**EXERCISE:**
Copy out all lines of the listing below that hold "refinement".

**SUPPLIED ENTRIES:**
────────────────
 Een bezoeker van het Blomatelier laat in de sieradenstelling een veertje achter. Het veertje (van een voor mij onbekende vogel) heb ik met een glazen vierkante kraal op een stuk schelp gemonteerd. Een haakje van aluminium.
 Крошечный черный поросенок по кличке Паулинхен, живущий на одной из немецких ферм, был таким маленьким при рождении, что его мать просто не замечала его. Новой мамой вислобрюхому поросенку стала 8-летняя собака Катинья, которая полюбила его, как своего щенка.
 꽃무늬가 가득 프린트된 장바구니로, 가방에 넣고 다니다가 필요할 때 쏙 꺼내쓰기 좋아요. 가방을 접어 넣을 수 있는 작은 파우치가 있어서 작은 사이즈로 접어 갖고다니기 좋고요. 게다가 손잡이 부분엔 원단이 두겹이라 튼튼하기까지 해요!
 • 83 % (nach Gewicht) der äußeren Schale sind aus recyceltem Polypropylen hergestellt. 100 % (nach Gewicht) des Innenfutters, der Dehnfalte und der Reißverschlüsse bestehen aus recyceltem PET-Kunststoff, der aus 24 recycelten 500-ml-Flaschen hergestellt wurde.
────────────────
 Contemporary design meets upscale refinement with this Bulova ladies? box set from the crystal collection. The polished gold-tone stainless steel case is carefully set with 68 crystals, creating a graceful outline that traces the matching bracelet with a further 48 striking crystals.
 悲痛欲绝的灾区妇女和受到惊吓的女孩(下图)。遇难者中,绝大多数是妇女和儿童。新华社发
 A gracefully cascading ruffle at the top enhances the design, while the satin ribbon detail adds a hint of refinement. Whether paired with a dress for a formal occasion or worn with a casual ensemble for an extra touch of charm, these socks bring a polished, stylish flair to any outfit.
────────────────
**PROBLEM SOLUTION:**
 Contemporary design meets upscale refinement with this Bulova ladies? box set from the crystal collection. The polished gold-tone stainless steel case is carefully set with 68 crystals, creating a graceful outline that traces the matching bracelet with a further 48 striking crystals.
 A gracefully cascading ruffle at the top enhances the design, while the satin ribbon detail adds a hint of refinement. Whether paired with a dress for a formal occasion or worn with a casual ensemble for an extra touch of charm, these socks bring a polished, stylish flair to any outfit.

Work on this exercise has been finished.